▶ What is expected:
Your output must be the lines below from the line containing "- ركزت على إظهار" to the line containing "登顶App Store中国榜总榜第一18次、旅游榜第一26次,创造了App store中国榜登顶榜首次数最多的纪录。", both lines included, reproduced exactly and without pictures.

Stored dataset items
####
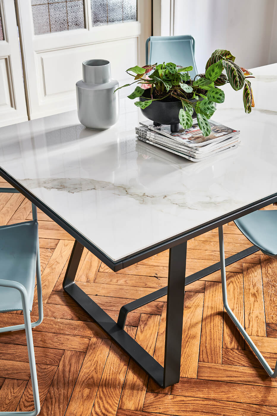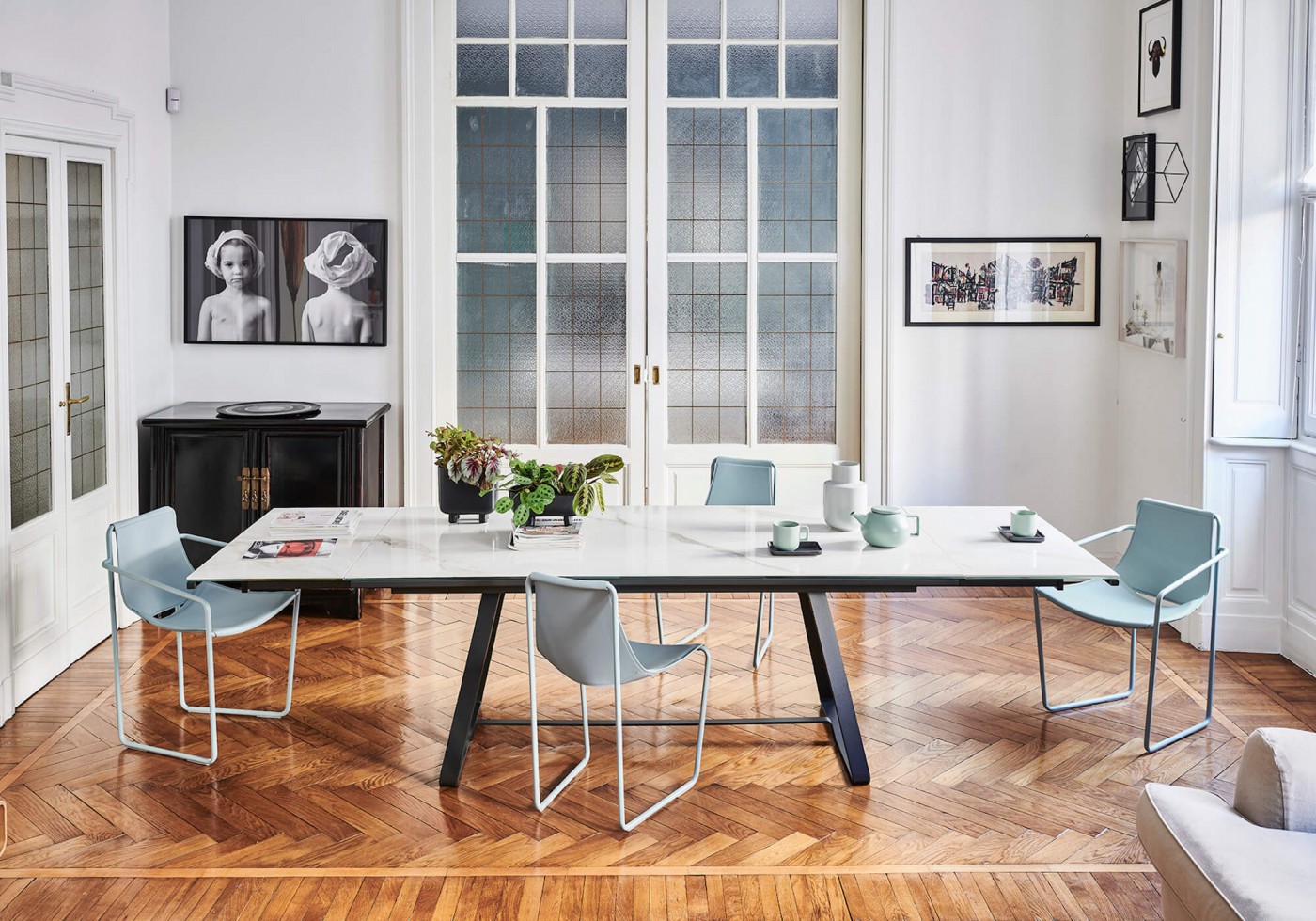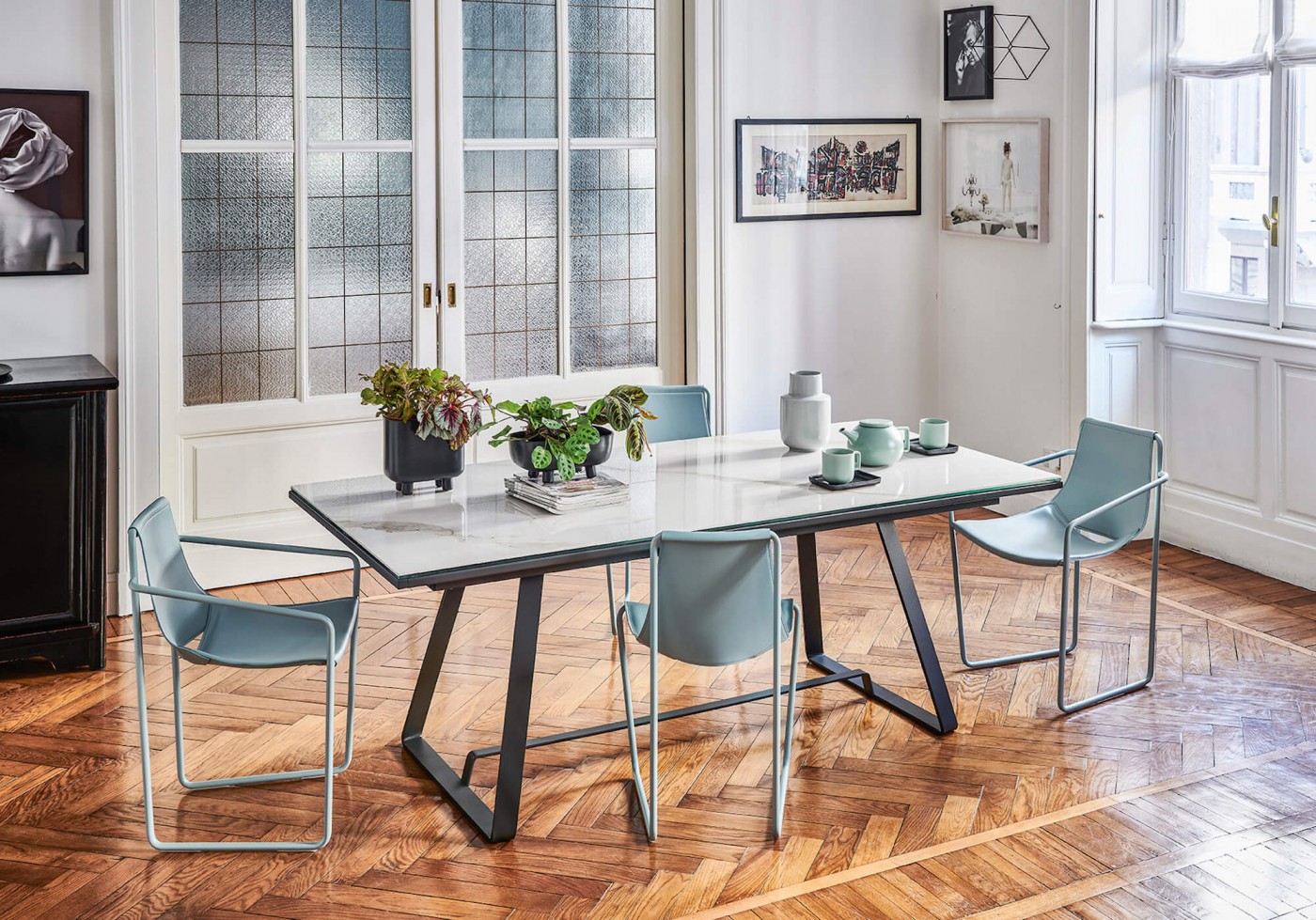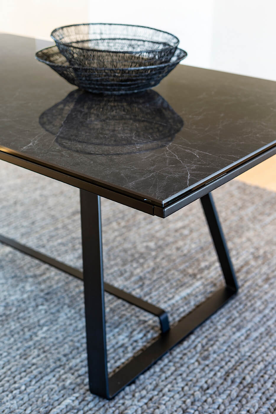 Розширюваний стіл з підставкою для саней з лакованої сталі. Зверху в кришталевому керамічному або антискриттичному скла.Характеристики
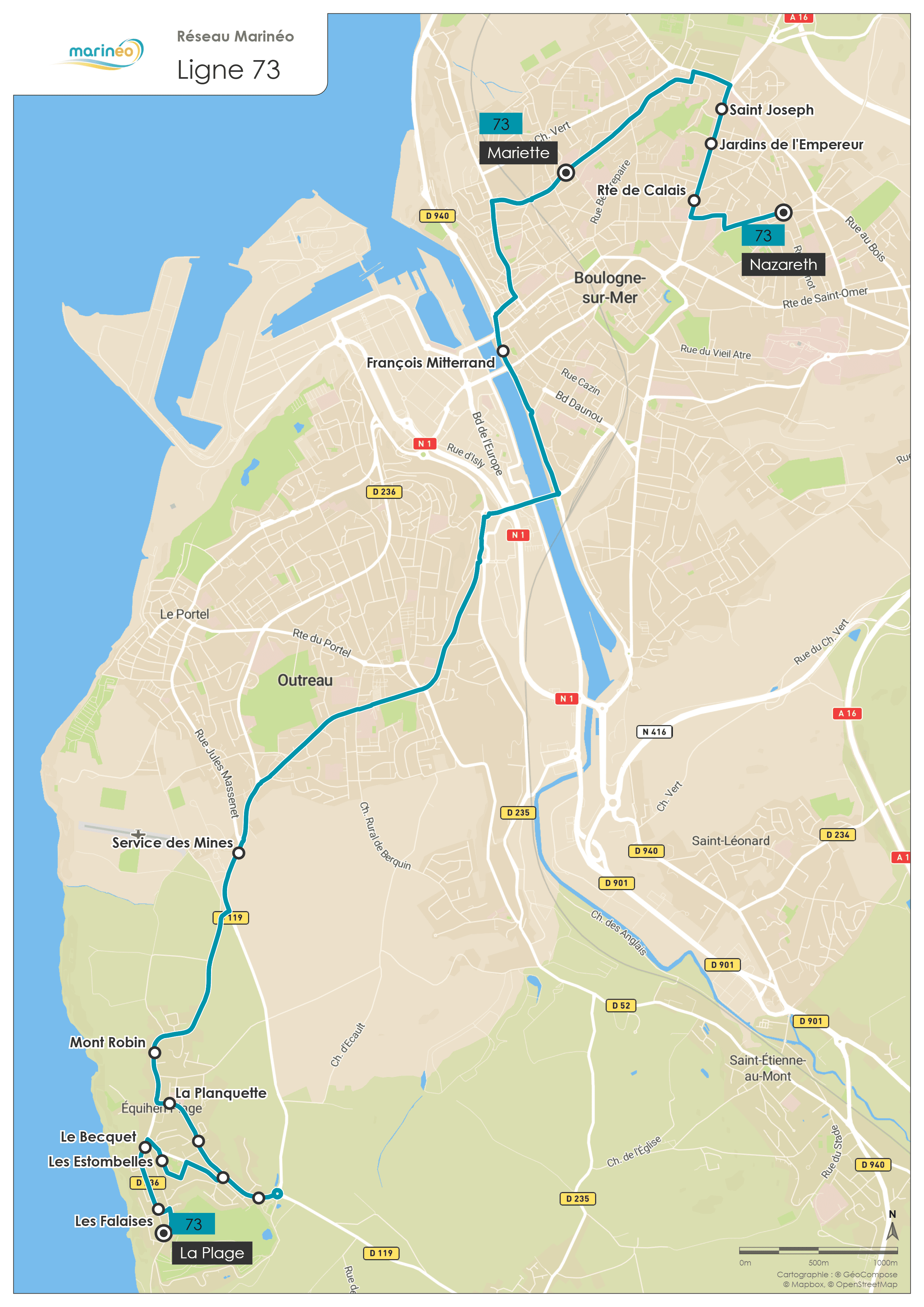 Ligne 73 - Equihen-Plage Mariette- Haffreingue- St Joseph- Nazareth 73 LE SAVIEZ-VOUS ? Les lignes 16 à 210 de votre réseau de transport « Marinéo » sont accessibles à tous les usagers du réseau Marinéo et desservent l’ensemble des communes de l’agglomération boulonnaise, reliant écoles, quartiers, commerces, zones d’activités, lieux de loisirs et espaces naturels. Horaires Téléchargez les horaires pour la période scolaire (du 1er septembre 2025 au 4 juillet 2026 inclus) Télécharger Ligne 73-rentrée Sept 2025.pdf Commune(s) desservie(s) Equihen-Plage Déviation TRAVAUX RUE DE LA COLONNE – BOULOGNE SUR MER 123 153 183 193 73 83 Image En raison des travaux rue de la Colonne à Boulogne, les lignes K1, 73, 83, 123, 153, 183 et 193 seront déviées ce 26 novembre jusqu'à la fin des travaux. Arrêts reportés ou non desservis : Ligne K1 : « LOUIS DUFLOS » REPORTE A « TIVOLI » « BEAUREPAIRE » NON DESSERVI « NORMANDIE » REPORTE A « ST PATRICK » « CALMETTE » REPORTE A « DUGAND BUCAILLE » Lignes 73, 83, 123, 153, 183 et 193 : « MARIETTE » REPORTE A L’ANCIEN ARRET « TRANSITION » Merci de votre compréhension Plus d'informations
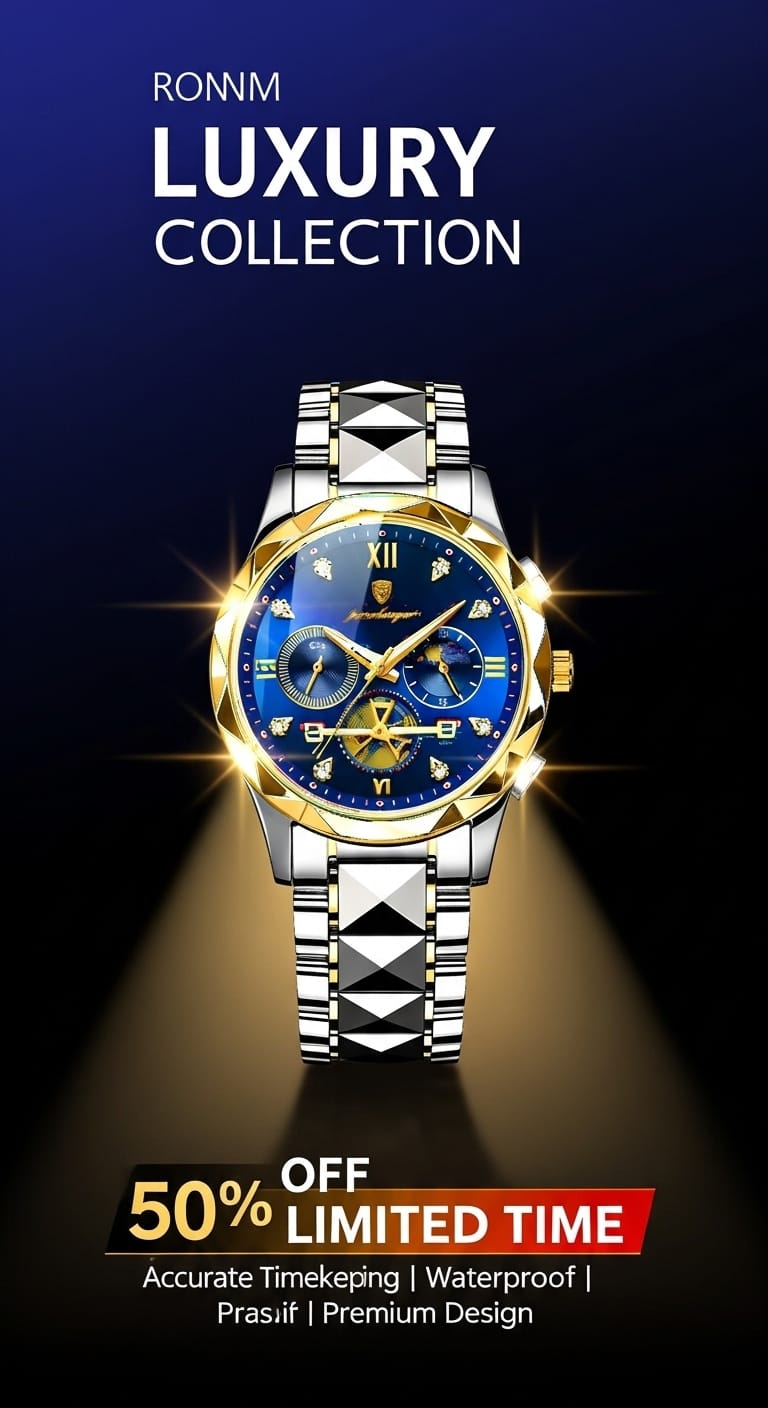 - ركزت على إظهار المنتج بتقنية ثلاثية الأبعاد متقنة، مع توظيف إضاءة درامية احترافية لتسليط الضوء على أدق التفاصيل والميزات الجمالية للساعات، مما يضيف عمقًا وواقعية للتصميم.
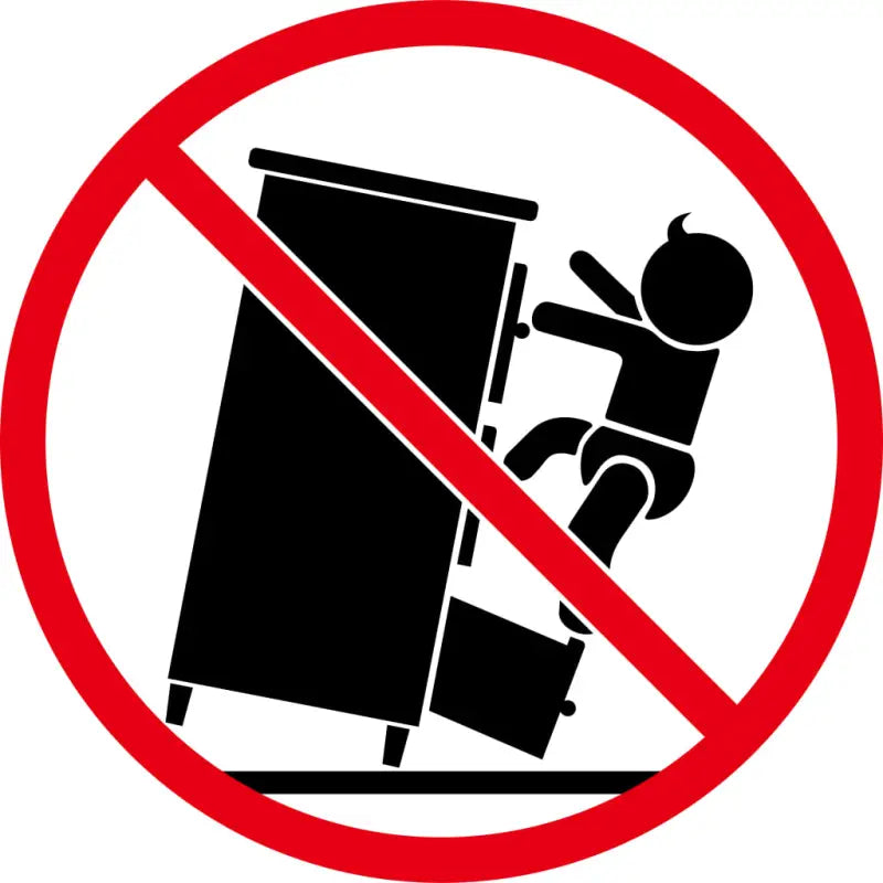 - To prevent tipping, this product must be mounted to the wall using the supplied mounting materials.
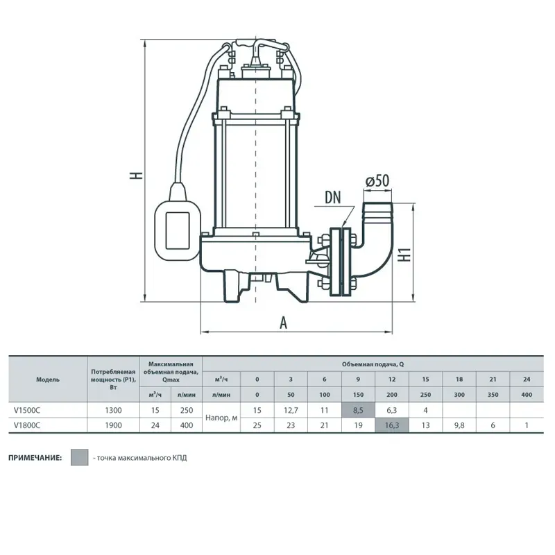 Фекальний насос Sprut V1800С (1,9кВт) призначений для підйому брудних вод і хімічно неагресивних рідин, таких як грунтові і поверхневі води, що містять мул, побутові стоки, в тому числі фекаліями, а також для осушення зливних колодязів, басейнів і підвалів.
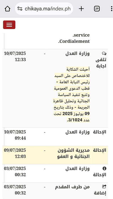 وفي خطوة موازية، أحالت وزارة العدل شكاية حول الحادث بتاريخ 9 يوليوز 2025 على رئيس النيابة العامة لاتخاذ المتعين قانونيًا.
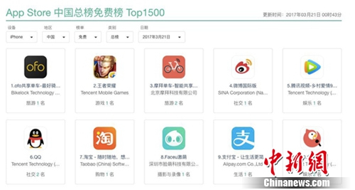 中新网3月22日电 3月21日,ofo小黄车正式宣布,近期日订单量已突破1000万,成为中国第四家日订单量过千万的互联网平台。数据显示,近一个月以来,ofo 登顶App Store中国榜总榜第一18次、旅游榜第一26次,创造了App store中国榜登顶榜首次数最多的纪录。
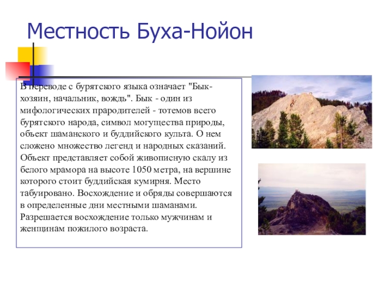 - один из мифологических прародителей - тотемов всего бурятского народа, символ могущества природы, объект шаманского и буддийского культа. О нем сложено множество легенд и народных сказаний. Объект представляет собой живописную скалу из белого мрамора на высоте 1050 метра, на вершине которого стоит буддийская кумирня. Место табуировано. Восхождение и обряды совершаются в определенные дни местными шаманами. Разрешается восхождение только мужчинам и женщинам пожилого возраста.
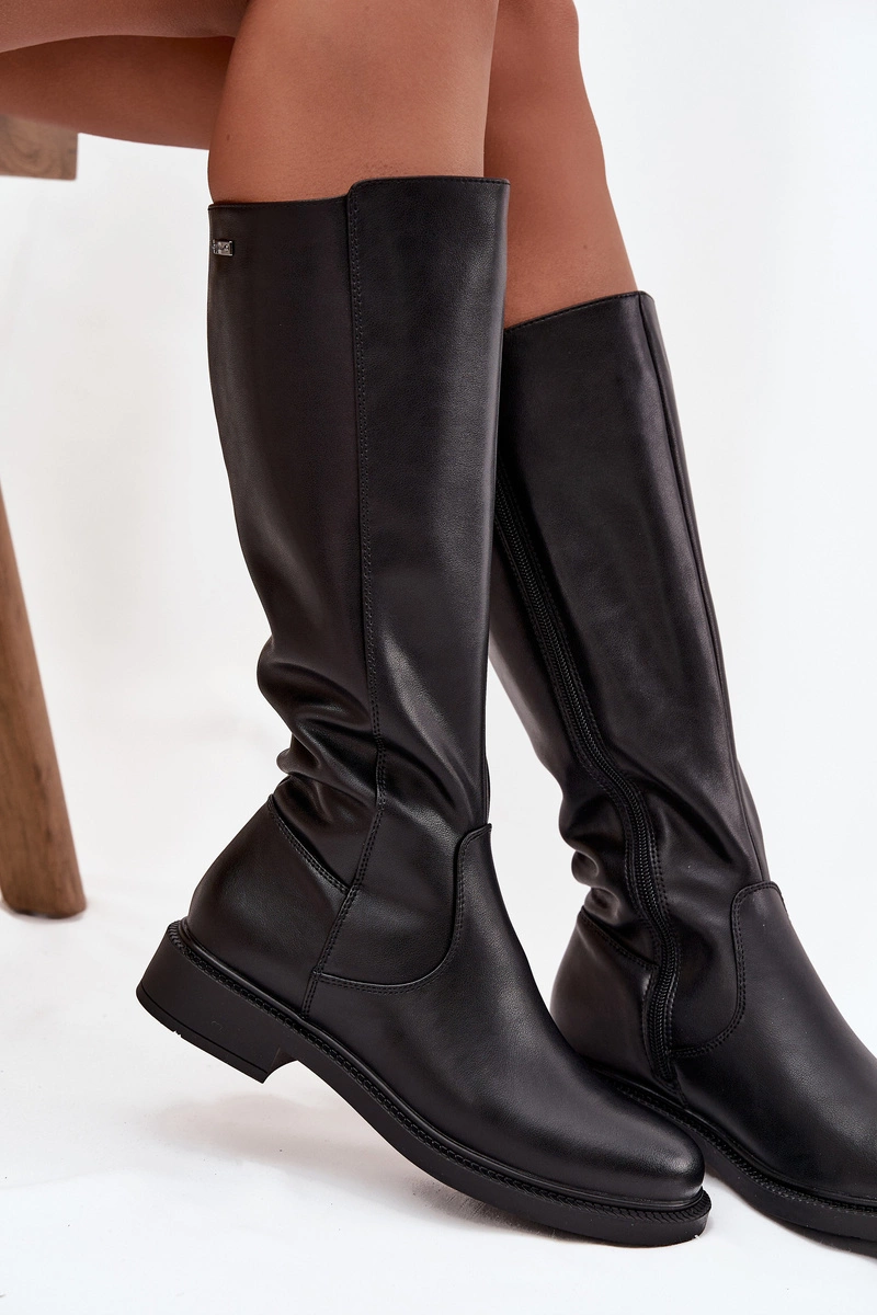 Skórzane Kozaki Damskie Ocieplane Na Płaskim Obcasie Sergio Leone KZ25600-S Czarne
####
▶ Finished exercise:
 - ركزت على إظهار المنتج بتقنية ثلاثية الأبعاد متقنة، مع توظيف إضاءة درامية احترافية لتسليط الضوء على أدق التفاصيل والميزات الجمالية للساعات، مما يضيف عمقًا وواقعية للتصميم.
 - To prevent tipping, this product must be mounted to the wall using the supplied mounting materials.
 Фекальний насос Sprut V1800С (1,9кВт) призначений для підйому брудних вод і хімічно неагресивних рідин, таких як грунтові і поверхневі води, що містять мул, побутові стоки, в тому числі фекаліями, а також для осушення зливних колодязів, басейнів і підвалів.
 وفي خطوة موازية، أحالت وزارة العدل شكاية حول الحادث بتاريخ 9 يوليوز 2025 على رئيس النيابة العامة لاتخاذ المتعين قانونيًا.
 中新网3月22日电 3月21日,ofo小黄车正式宣布,近期日订单量已突破1000万,成为中国第四家日订单量过千万的互联网平台。数据显示,近一个月以来,ofo 登顶App Store中国榜总榜第一18次、旅游榜第一26次,创造了App store中国榜登顶榜首次数最多的纪录。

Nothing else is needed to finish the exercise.